→ **Exercise directions**
Below are the records; give again exactly the line with "- Attached to", the line with "Five-Tox, Five-Permethrin, phun", and each line that lies between them, and nothing besides.

→ **Material provided**
- - - - - - -
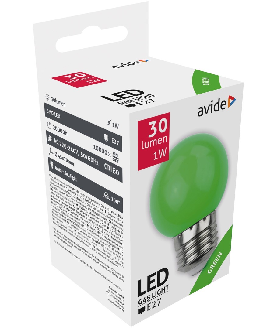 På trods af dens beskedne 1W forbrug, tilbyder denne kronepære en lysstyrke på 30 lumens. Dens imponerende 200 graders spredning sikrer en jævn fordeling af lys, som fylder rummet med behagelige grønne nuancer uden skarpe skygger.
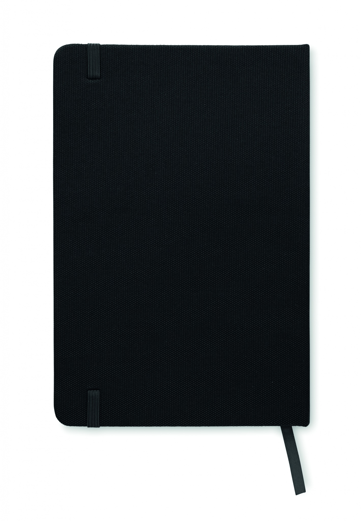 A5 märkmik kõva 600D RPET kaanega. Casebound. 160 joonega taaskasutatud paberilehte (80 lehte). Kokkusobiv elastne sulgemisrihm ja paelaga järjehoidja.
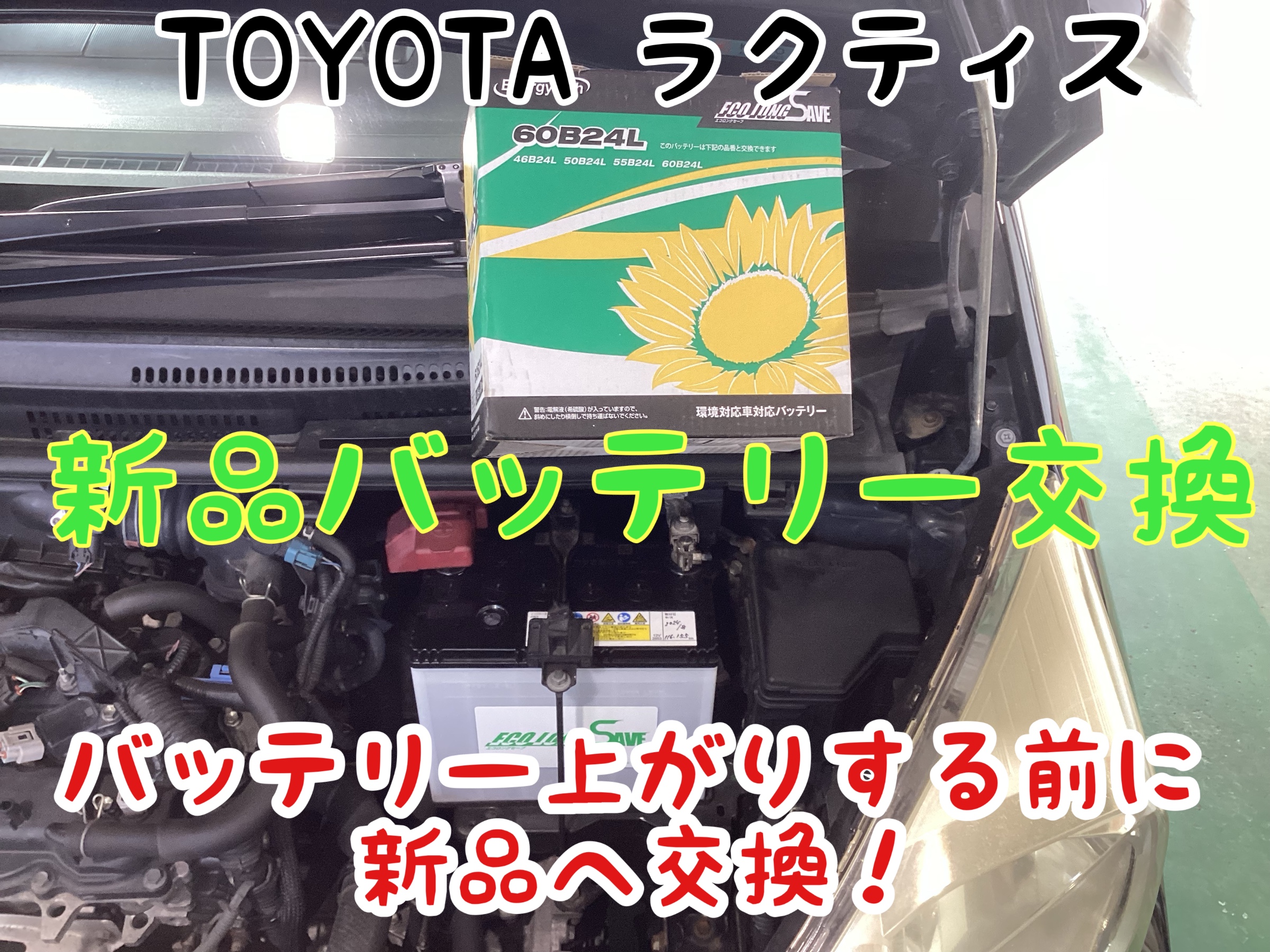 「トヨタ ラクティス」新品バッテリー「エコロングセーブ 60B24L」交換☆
- - - - - - -
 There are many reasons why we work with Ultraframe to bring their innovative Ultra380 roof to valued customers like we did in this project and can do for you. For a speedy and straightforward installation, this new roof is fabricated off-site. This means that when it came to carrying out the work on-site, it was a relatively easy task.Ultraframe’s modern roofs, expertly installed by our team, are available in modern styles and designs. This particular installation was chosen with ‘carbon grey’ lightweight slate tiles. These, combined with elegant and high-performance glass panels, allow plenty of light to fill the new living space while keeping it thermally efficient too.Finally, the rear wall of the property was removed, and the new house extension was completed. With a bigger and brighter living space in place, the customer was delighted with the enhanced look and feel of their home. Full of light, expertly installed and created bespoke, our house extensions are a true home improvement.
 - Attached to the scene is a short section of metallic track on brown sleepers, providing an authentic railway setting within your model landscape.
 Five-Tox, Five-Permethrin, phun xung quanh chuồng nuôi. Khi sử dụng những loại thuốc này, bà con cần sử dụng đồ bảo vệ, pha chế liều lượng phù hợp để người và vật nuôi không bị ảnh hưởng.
- - - - - - -
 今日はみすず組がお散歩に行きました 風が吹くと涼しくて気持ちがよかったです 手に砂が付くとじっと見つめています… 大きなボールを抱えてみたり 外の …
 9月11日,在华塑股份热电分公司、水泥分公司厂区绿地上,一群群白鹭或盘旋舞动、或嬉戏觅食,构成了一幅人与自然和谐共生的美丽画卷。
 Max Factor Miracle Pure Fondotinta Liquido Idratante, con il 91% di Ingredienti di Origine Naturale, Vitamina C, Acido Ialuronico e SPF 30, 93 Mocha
- - - - - - -
→ **Reply to the exercise**
 - Attached to the scene is a short section of metallic track on brown sleepers, providing an authentic railway setting within your model landscape.
 Five-Tox, Five-Permethrin, phun xung quanh chuồng nuôi. Khi sử dụng những loại thuốc này, bà con cần sử dụng đồ bảo vệ, pha chế liều lượng phù hợp để người và vật nuôi không bị ảnh hưởng.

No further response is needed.